**TASK DETAILS**
The task calls for the lines from the start of the entries below through the line with "Przepiękna, modna, pikowana", given again verbatim, with every picture dropped.
__________
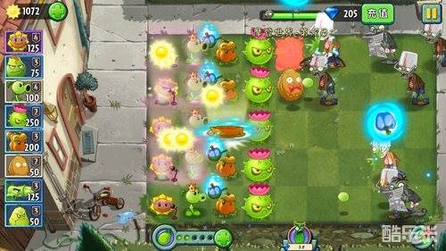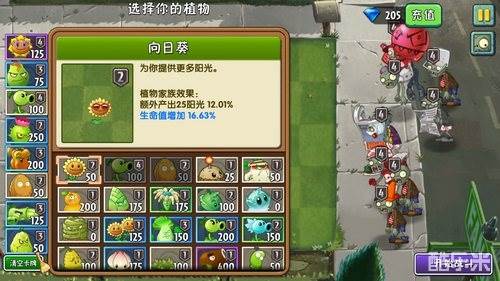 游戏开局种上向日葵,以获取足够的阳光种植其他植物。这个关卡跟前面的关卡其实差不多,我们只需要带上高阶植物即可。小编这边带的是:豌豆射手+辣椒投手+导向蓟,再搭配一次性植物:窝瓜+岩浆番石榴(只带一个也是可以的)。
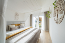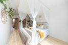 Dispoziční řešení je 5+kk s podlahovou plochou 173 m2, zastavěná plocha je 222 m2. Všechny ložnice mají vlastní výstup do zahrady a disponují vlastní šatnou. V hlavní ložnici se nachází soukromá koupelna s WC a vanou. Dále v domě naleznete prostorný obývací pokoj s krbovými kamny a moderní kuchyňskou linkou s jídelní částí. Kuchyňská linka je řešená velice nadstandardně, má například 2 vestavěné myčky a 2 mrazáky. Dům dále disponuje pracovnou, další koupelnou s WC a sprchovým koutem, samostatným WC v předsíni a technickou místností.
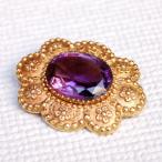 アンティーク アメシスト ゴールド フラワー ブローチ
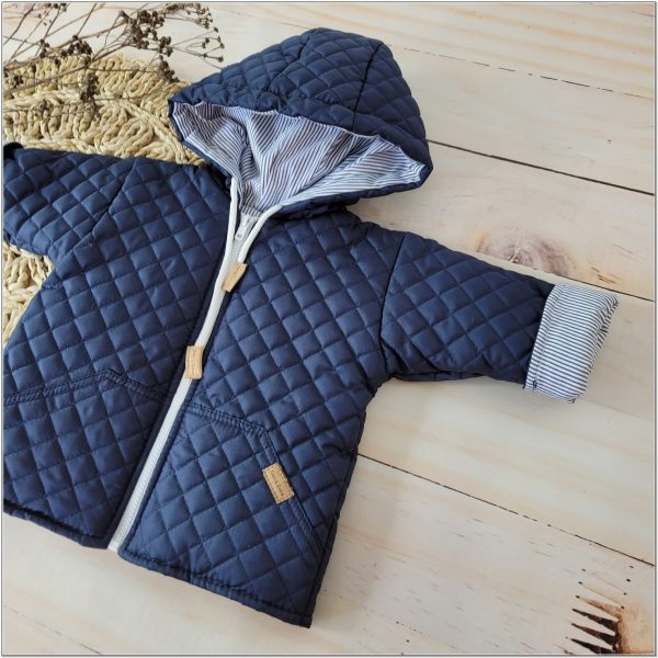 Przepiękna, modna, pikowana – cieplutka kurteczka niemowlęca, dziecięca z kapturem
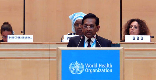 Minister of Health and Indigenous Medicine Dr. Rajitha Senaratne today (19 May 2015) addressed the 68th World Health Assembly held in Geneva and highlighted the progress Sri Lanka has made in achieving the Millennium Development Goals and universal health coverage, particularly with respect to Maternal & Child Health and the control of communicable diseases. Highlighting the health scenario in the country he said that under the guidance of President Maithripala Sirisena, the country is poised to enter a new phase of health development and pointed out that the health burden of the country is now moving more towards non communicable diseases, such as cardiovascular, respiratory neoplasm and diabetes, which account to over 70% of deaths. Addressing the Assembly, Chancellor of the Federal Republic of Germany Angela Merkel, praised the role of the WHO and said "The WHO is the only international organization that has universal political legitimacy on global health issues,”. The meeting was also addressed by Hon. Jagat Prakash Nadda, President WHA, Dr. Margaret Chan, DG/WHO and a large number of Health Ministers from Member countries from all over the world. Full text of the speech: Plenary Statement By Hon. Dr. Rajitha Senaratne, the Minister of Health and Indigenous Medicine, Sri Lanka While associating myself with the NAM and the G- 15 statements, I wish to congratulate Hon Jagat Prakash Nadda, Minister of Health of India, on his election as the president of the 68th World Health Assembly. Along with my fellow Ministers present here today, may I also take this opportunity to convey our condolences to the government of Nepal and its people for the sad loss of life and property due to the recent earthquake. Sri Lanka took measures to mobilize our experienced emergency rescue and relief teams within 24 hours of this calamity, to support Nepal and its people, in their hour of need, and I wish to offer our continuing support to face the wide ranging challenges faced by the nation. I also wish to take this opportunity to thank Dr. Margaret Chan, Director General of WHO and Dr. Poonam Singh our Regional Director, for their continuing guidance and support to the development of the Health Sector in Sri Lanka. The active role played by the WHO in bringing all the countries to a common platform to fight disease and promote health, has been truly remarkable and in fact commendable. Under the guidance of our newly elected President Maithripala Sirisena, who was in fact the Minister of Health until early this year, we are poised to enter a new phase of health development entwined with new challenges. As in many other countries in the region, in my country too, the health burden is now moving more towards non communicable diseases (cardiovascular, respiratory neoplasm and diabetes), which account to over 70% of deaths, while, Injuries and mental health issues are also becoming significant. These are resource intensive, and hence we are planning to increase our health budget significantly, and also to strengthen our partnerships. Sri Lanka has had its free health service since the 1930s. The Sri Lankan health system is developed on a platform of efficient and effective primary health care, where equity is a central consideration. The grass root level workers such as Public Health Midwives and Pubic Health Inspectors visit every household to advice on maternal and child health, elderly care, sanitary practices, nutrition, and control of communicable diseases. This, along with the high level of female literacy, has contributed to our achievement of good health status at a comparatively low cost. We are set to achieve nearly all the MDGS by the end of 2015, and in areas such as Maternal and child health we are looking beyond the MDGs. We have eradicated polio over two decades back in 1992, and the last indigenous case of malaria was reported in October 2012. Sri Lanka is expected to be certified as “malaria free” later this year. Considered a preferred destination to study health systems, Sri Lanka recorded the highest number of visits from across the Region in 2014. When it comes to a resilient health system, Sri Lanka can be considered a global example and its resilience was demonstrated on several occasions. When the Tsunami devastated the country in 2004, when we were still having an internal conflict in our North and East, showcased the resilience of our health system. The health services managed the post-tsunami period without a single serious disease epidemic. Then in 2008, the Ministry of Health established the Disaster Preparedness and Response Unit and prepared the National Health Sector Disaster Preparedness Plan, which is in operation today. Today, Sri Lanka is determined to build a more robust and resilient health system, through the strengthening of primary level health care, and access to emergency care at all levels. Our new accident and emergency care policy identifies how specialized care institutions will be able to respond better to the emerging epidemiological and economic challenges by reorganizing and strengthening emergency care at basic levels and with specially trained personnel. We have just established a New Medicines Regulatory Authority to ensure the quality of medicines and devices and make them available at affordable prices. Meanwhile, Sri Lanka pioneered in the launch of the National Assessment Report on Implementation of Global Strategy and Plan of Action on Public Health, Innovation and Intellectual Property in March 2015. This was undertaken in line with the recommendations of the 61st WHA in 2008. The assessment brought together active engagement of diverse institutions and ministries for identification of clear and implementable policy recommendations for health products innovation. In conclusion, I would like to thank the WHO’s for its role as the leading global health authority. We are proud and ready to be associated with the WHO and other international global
__________
**RESULT OF THE EXERCISE**
 游戏开局种上向日葵,以获取足够的阳光种植其他植物。这个关卡跟前面的关卡其实差不多,我们只需要带上高阶植物即可。小编这边带的是:豌豆射手+辣椒投手+导向蓟,再搭配一次性植物:窝瓜+岩浆番石榴(只带一个也是可以的)。
 Dispoziční řešení je 5+kk s podlahovou plochou 173 m2, zastavěná plocha je 222 m2. Všechny ložnice mají vlastní výstup do zahrady a disponují vlastní šatnou. V hlavní ložnici se nachází soukromá koupelna s WC a vanou. Dále v domě naleznete prostorný obývací pokoj s krbovými kamny a moderní kuchyňskou linkou s jídelní částí. Kuchyňská linka je řešená velice nadstandardně, má například 2 vestavěné myčky a 2 mrazáky. Dům dále disponuje pracovnou, další koupelnou s WC a sprchovým koutem, samostatným WC v předsíni a technickou místností.
 アンティーク アメシスト ゴールド フラワー ブローチ
 Przepiękna, modna, pikowana – cieplutka kurteczka niemowlęca, dziecięca z kapturem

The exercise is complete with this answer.